No, but I've only hunted in wolf country a couple of times in recent years. 

I have never had a problem with black bears, and I am surrounded by an excellent, and still growing, population of them. I see sign all the time. I just make enough noise when running/hunting the dog when we first get started in an area that they have plenty of warning ahead of time. I have seen bears at a distance several times. 

I've had a number of encounters in several different states with coyotes, including being stalked by a pack a couple of different times, and like someone else said, that frightened me more than anything else. 

I have never hunted with dogs in mountain lion country, and probably never will. 

"If you choose to put a dog into the woods, you roll the dice.

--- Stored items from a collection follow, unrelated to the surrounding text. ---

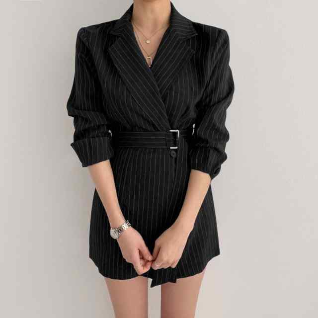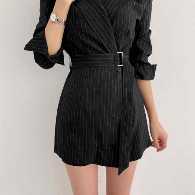 オトナ女子のストライプ×ジャンプスーツのセットアップ
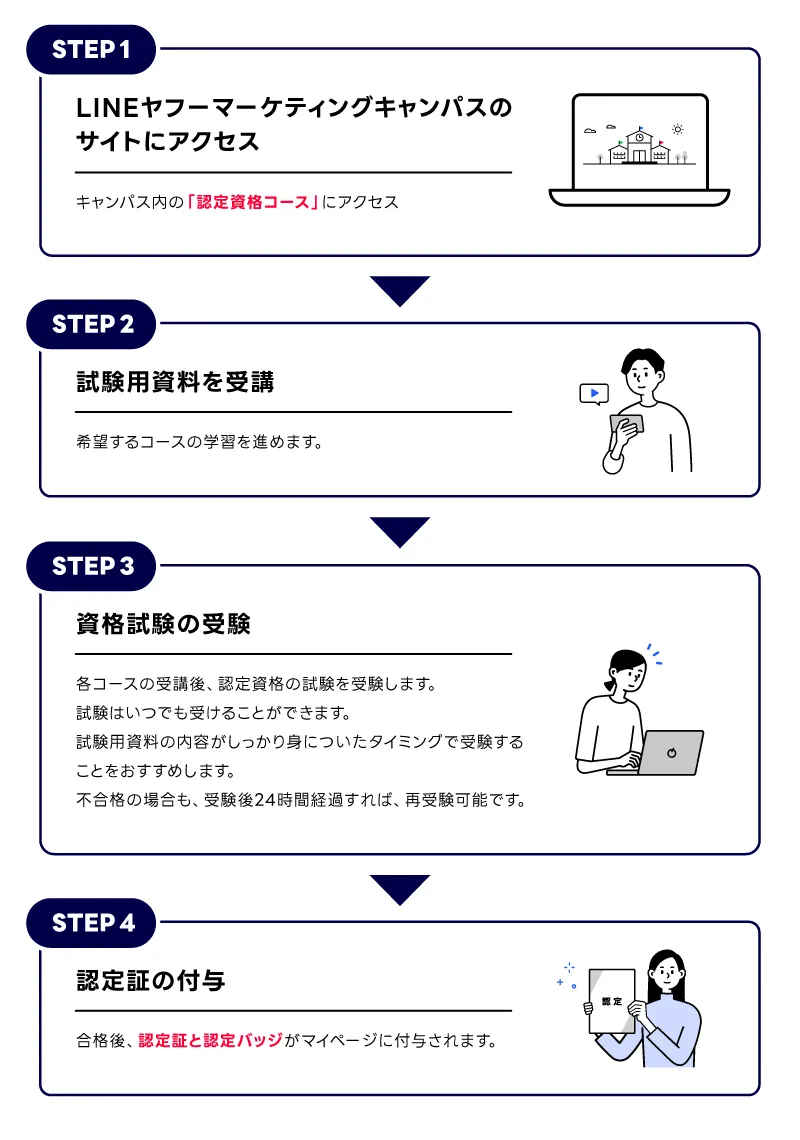 LINEヤフーマーケティングスキルバッジはオンラインで受験できます。受験から資格取得までのステップは以下の通りです。
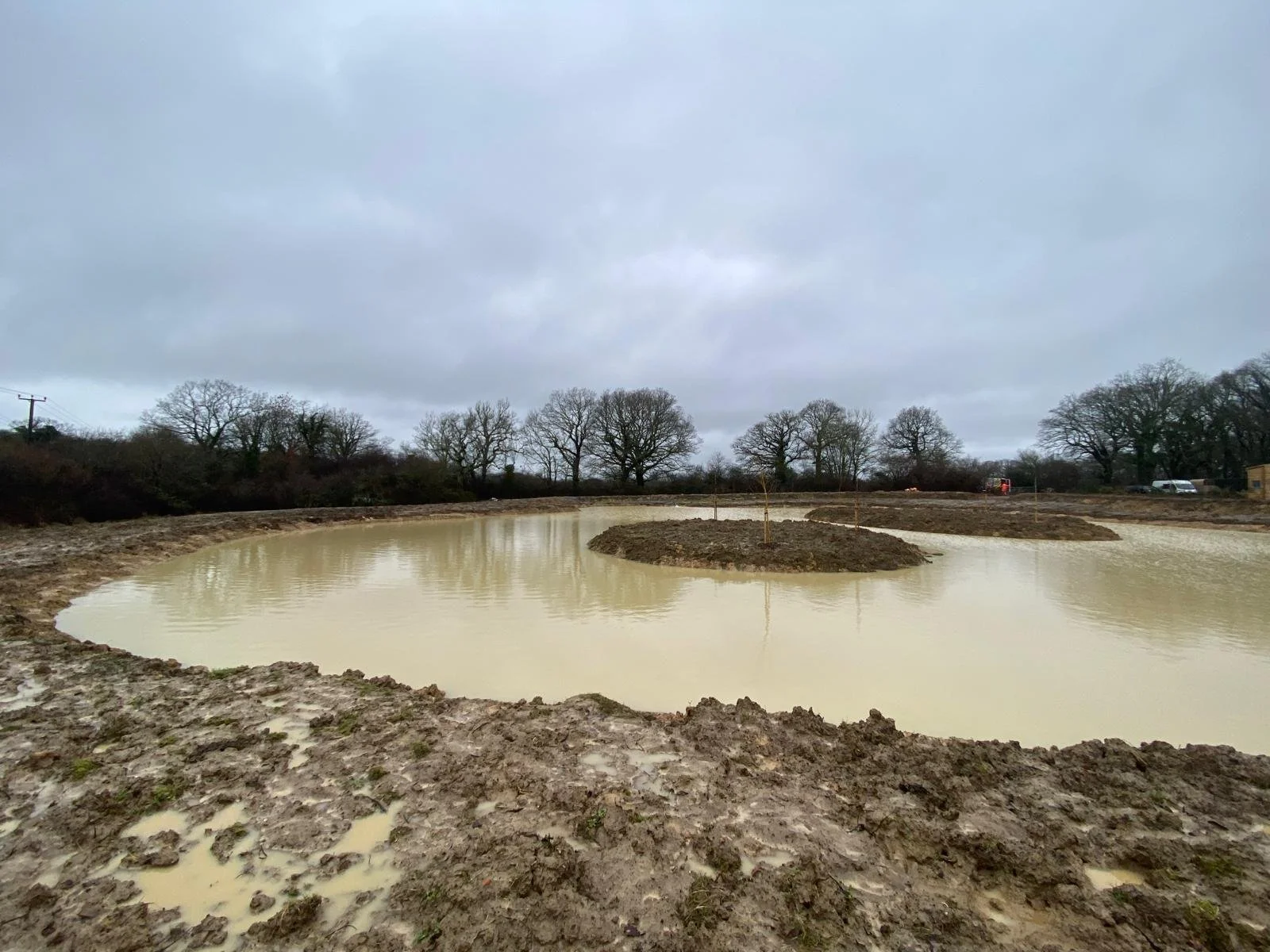 We dug our lake in November 2025 - December 2025 and it filled with the amount of rainfall we had by the end of January 2026. We have spent the remainder of the winter planting a hedgerow around the lake and we are looking forward to further landscaping once the ground has dried and we can spread the wildflower seed.

Sticks, cliffs, broken glass, wolves, bear, cougar, snakes, porkies, cars...the life of a hunting dog is a risky one. Accept it and assume responsibility if something bad happens to your dog or don't get into grouse hunting."

Absolutely true, but I also do what I can to prevent problems-porky training, not hunting in areas with trash, etc. I don't ever try to buy trouble, particularly when I'm hunting alone.


----------



## griffondog (Dec 27, 2005)

Linda G. said:


> No, but I've only hunted in wolf country a couple of times in recent years.
> 
> I have never had a problem with black bears, and I am surrounded by an excellent, and still growing, population of them. I see sign all the time. I just make enough noise when running/hunting the dog when we first get started in an area that they have plenty of warning ahead of time. I have seen bears at a distance several times.
> 
> I've had a number of encounters in several different states with coyotes, including being stalked by a pack a couple of different times, and like someone else said, that frightened me more than anything else.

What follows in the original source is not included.